06-01-2012, 11:59 PM #2732
06-02-2012, 09:05 AM #2733
Clarification : when I wrote that they are not as talented as Taufik but can be as good as Simon, I don't mean that they may never win a SS or TC. Simon won SS before.
Also, when INA won the TC in 1998, 2000 and 2002, they don't count on Taufik talent only. In fact Taufik lost some matches. Also, the ranking of the singles players are not dominating the world ranking like during Alan/Ardy/Joko times(the early 90s)
But given their ranking, they can still win TC.
With the right team spirit and preparation, I think this year INA should be able to beat JPN. But sadly that was lacking.
Anyway, the failure to reach SF can cause the change in PBSI way, I hope.
06-04-2012, 03:46 AM #2734
Indonesian badminton's (after reading a couple of recent complaints from Hauge) current situation is rather peculiar.....and nothing really surprising either with what's been going on (with a country well known for its rampant corruption)...here we see an organization that's in turmoil & in disarray, with a total dysfunction at the top management level, and yet they've still managed to win a 2008 OG Gold and squeak in a 2012 AE victory....
Winning another Gold at this yr 2012 OG would make it even more unique..That's Indonesian badminton for you folks..
06-05-2012, 09:21 AM #2735
06-05-2012, 04:38 PM #2736
06-05-2012, 08:25 PM #2737
Highlights of the problems in PBSI (for the non-Indonesian BC members):
1. Interference by other departments (eg: logistics) into the department that is in charge of players, coaches, and tournament planning in PBSI (Pembinaan Prestasi), used to be headed by Lius Pongoh and Hadi Nasri, both had now resigned. This is the first time I believe this department experienced more than 1 resignation during a single term of PBSI leadership (from 2008 to 2012). This is also the most serious problem happening in PBSI right now! How can the head of Logistics sit in the meetings involving tournament planning and even shouted orders? It's simply not in his job description as Lius Pongoh complained about in last night's dialogue.
2. Slow regeneration process - I believe talents are there in Indonesia, but PBSI was too reliant on the senior players (because of their past achievements) such that regeneration process was neglected for a few years. That has serious consequences right now.

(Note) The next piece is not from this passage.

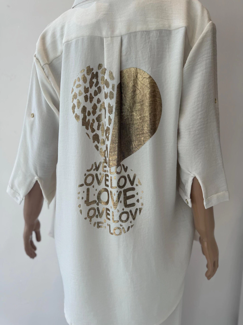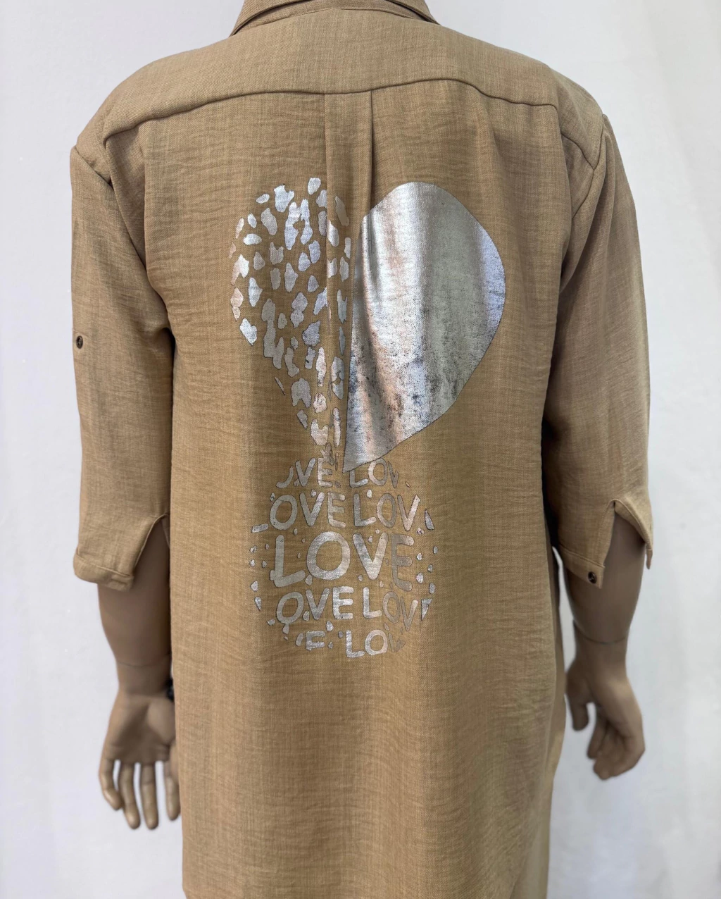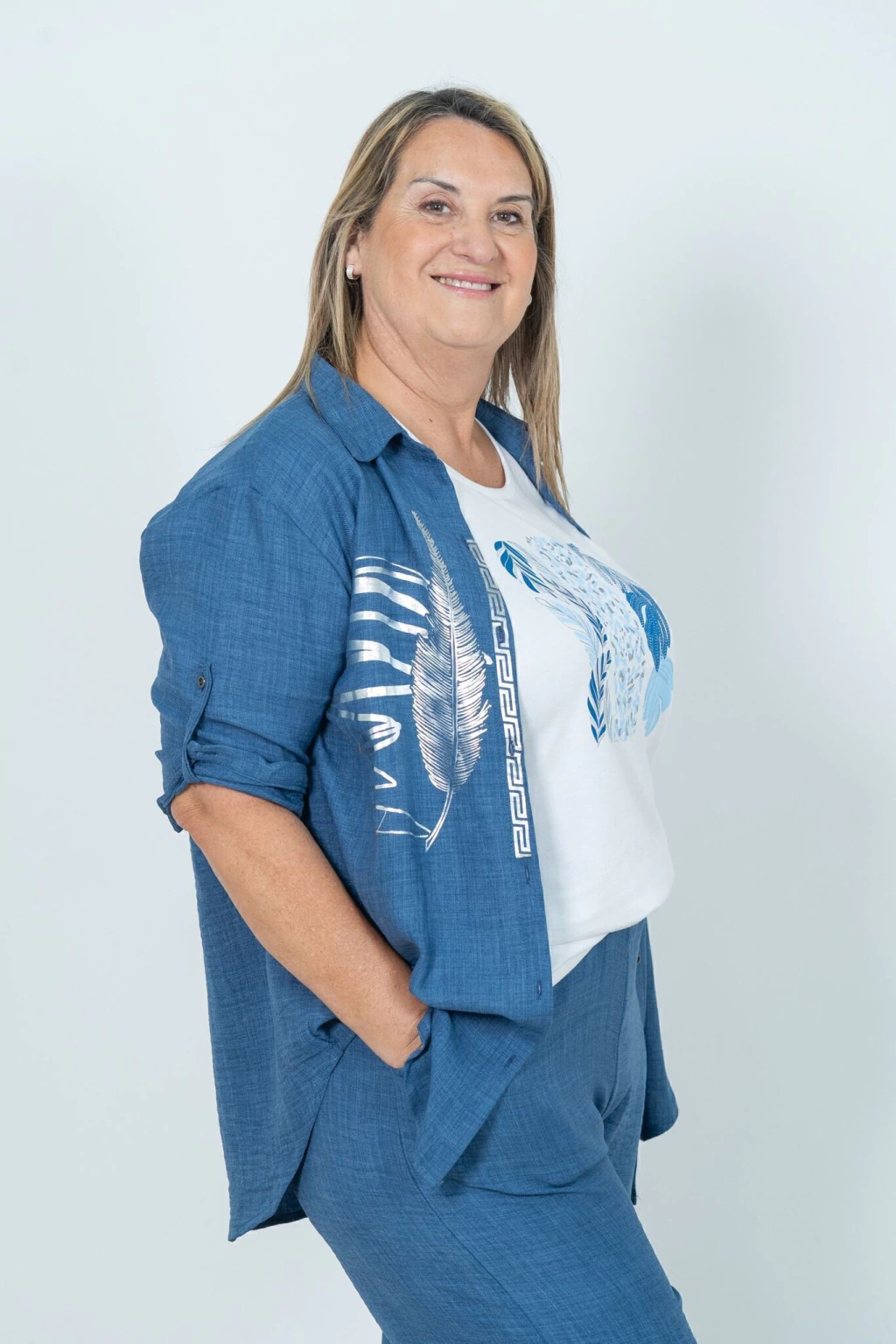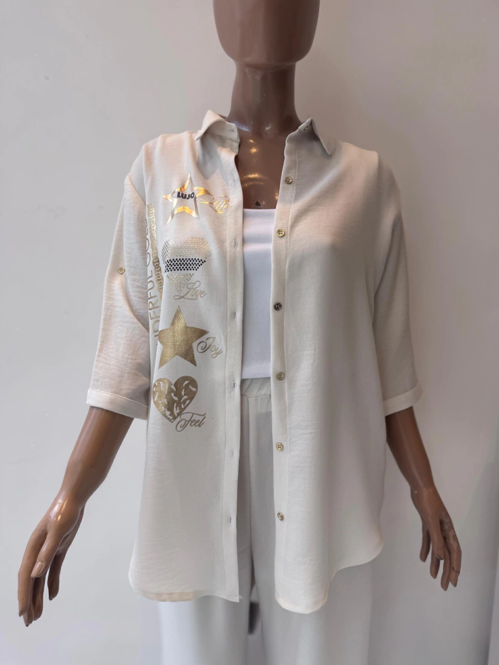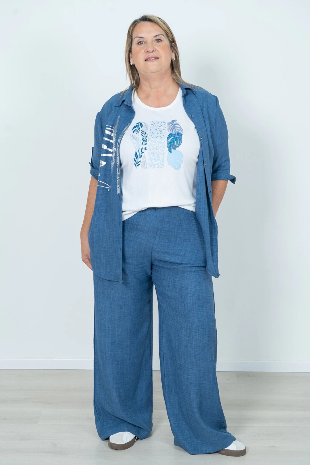 Incluye una camisa de manga 3/4, con cuello camisero, botones al frente y un diseño estampado con brillos metálicos en el frente y en la espalda, que aporta un toque moderno y distintivo. El pantalón es recto, de tiro alto y pierna ancha, confeccionado en la misma tela de cey fluida, creando un look monocromo que estiliza la figura y resulta muy fresco. Perfecto con zapatillas blancas para un look casual chic, o con sandalias planas para un estilo relajado.

3. Lack of long-term Mission and Vision - what is the plan post Olympics 2012? Nobody can probably answer that
4. Leader who is probably misguided by his equally inept officials - how can Pak Djoko cite results of SEA Games 2011, beating MAS in the Thomas Cup Qualifying Campaign 2012, and most hilariously title (albeit only 1) in the Osaka Challenge 2012 as proofs that PBSI is STILL OKAY? This guy, Pak Fuad (the head of Logistics), even bragged about having 4 Pelatnas MS players in Sirnas Bandung (National Circuit) 2 weeks ago as the first time it happened...as if it's a real big achievements! Seriously dude....INA is guaranteed to be on the downhill course if we continue to have these officials in charge of PBSI.